Here are some outworkings on aids to this, and related, forms of self-improvement...

It might be helpful to have a two-dimensional classifier system to help in understanding wants, in which one axis is how good it feels that something would be, and the other is how good a rational evaluation in broad context says it would be. So, for example, in deciding whether to have another biscuit (note: I don't have anything against biscuits in themselves; I'm just using them as a convenient example villain for this discussion!) I can feel that I'd enjoy eating the biscuit at the time (on the assumption that its recipe has been designed to produce pleasing taste and texture); but I can evaluate that it will only taste / feel good for a moment, will re-inforce my tendency to have yet another biscuit, will tend to keep my waistline the way I resent it being, and will further postpone the increase of my self-control.

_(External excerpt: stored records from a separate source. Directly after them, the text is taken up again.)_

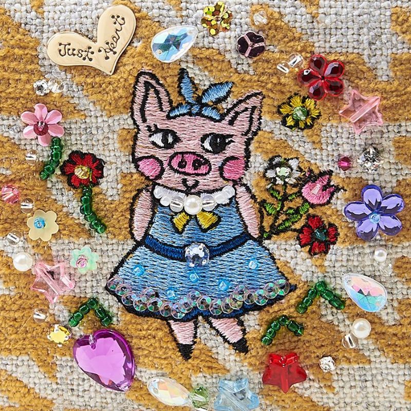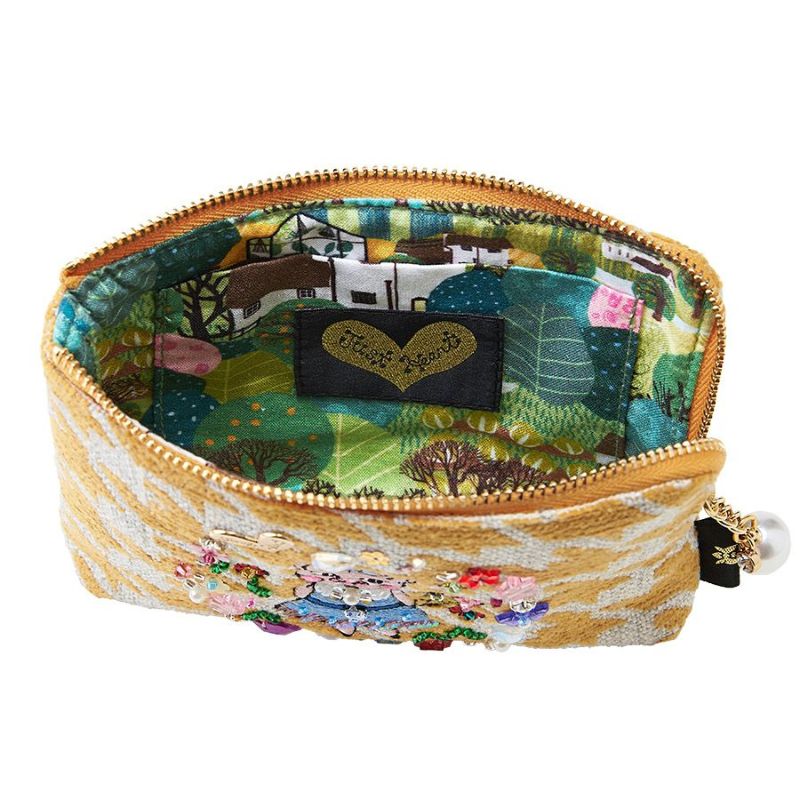 | 素材 | | 表地原産国 | トルコ | | 表地 | コットン46%・アクリル35%・ポリエステル14%・レーヨン5% | | 裏地 | コットン100% | | 付属 | - | | その他 | ビーズ・スパンコール・クリスタルガラス | | サイズ(約) | | 本体(突起部を除く最大) | H 11 × W 15 × D 2 cm | | ハンドル立ち上がり | -/- | | ショルダーストラップ長さ | -/- | | 重さ | 65g | | | 仕様 | | 開口部 | L型ファスナー式 | | 内側 | オープンポケット×1 | | 外側 | - | | その他 | 作品により柄の出方や装飾が異なる場合があります | | 補足情報 | | - | |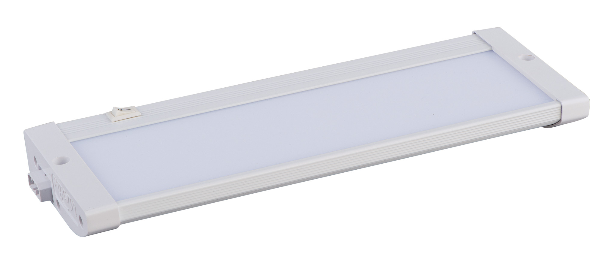- Installs easily under a cabinet and emits a warm white light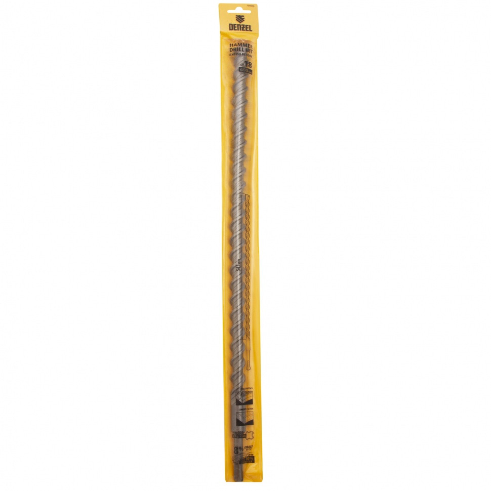Бур по бетону, двойная спираль, три пылеотводящие кромки, 18 x 600 мм DENZEL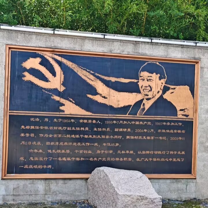 實踐次日,團隊轉(zhuǎn)赴沈浩同志先進事跡陳列館,深入了解沈浩同 志的崇高精神與感人事跡。步入館內(nèi),映入眼簾的是精心設計的 布局與詳實的展陳,這全方位、立體化地展現(xiàn)了沈浩同志作為小 崗村黨委第一書記的赤子情懷與卓越貢獻。一幅幅圖片、一段段 影像、一件件實物,無一不深情講述著他“兩任村官瀝血嘔心帶 領(lǐng)一方求發(fā)展,六載離家鞠躬盡瘁引導萬民奔小康”的動人篇章。 隨后,實踐團成員實地探訪了沈浩同志在小崗村的舊居與辦公 室。所謂辦公室,無非是一個低矮的房子,里面只是極其簡單的 辦公桌椅,這與他在村民心中的形象形成鮮明對比。“沈浩精神” 所蘊含的忠誠、擔當與奉獻,此時也化為青年學子們砥礪前行的強大動力。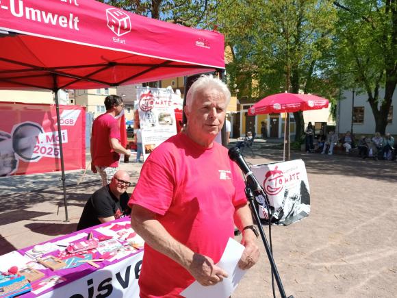Auch in Apolda macht sich der Kreisvorstand des KV Weimar Weimarer Land des Bezirksverbandes Thüringen der IG BAU auf eine 1.Mai-Kundgebung stark. Und das mit Erfolg.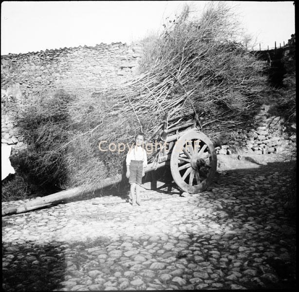 Carro da carico a due ruote con sponde laterali; in questo caso trasporta fascine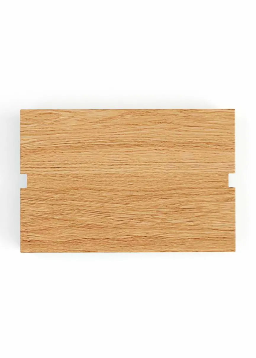 Die Ablage aus hochwertigem Holz wurde speziell für das Wandregal RIVO bzw. RIVO S hergestellt, sodass die Ablagen anhand eines einfachen Stecksystems auf das Metallgestell gesteckt und anschließend mit einer kleinen, im Ergebnis unsichtbaren, Madenschraube fixiert werden.

What does Wisdom have to say on these things? The Book of Proverbs says ``He who has control over his own spirit is mightier than he who takes a whole city'', thus covering both the virtue and the difficulty of this feat.

What about theological implications?

This all seems at first to be very much a work, and an effort, of human will; and yet it can, I presume, be done only with grace prevenient. Indeed I can see that its revelation to me is itself a grace... although I elaborated it by writing down successive stages of thought, simply going through that process of thought and writing did not guarantee any results; those with no belief in anything outside the self will presumably disagree here; but I feel that I received this message, and the process through which I went was simply tuning in to receive it.

It could be said that motivation is a very significant form of grace... it is the source energy that allows us to jump up to the top of a barrier state, such that we can decide on which side of the barrier state we come down on... it is perhaps a form of the energy needed to live against entropy (that is, to really live, rather than to be simply part of the conjectured heat death of the the universe).